### DATA PROVIDED
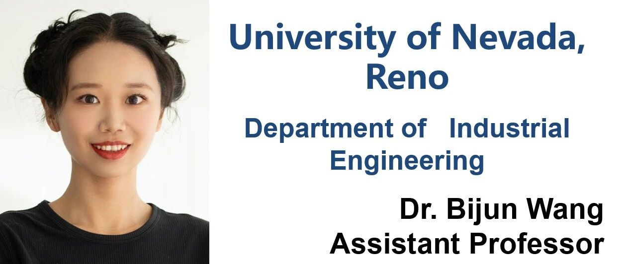 Dr. Bijun Wang,于2025年秋天加入University of Nevada, Reno 任工业工程助理教授;Ph.D. in Engineering Management, Stevens Institute of Technology;Two M.S. degrees, Rutgers University。研究聚焦 Human Factors、Digital Health、HCI 与 AI-Driven Healthcare Systems / Smart and Connected Healt。成果发表于 IISE Transactions on Healthcare Systems Engineering、International Journal of Medical Informatics等,并与临床伙伴开展跨学科合作现面向 Spring 2026(优先)或 Summer/Fall 2026 招收 1–2 名全奖 Ph.D. 学生。
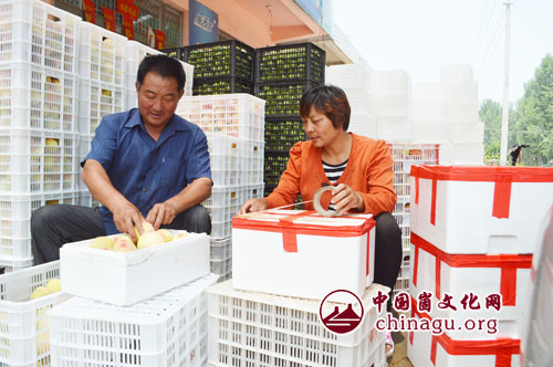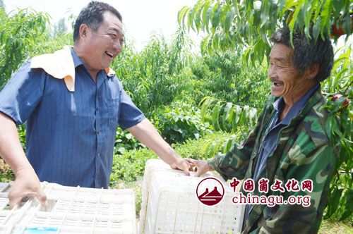 由于靠着山里人的热情与诚恳,越来越多的客户变成了张纪山的“回头客”,现在他已与北京、上海等10多个省市的客户建立了长期的销售联系,年外销蜜桃800多万公斤,连续10年不但本村果品卖得及时,而且周围的几个村的果品无一积压,果农们数着一沓沓的钱,打心眼里感谢他,称他为“蜜桃村官”。(张继增)
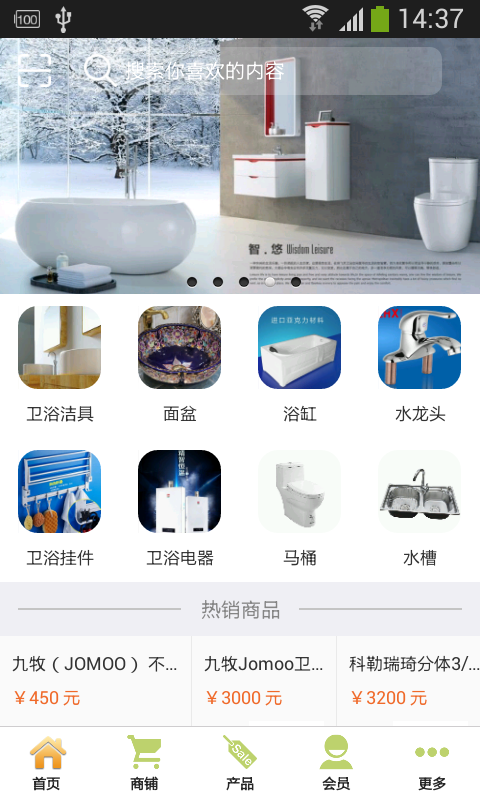 【产品】:九牧商城app提供相关各种产品分类,方便客户查询购买。

### PROMPT
Go through the data above and transcribe it in full, omitting any image.

### THE ANSWER
 Dr. Bijun Wang,于2025年秋天加入University of Nevada, Reno 任工业工程助理教授;Ph.D. in Engineering Management, Stevens Institute of Technology;Two M.S. degrees, Rutgers University。研究聚焦 Human Factors、Digital Health、HCI 与 AI-Driven Healthcare Systems / Smart and Connected Healt。成果发表于 IISE Transactions on Healthcare Systems Engineering、International Journal of Medical Informatics等,并与临床伙伴开展跨学科合作现面向 Spring 2026(优先)或 Summer/Fall 2026 招收 1–2 名全奖 Ph.D. 学生。
 由于靠着山里人的热情与诚恳,越来越多的客户变成了张纪山的“回头客”,现在他已与北京、上海等10多个省市的客户建立了长期的销售联系,年外销蜜桃800多万公斤,连续10年不但本村果品卖得及时,而且周围的几个村的果品无一积压,果农们数着一沓沓的钱,打心眼里感谢他,称他为“蜜桃村官”。(张继增)
 【产品】:九牧商城app提供相关各种产品分类,方便客户查询购买。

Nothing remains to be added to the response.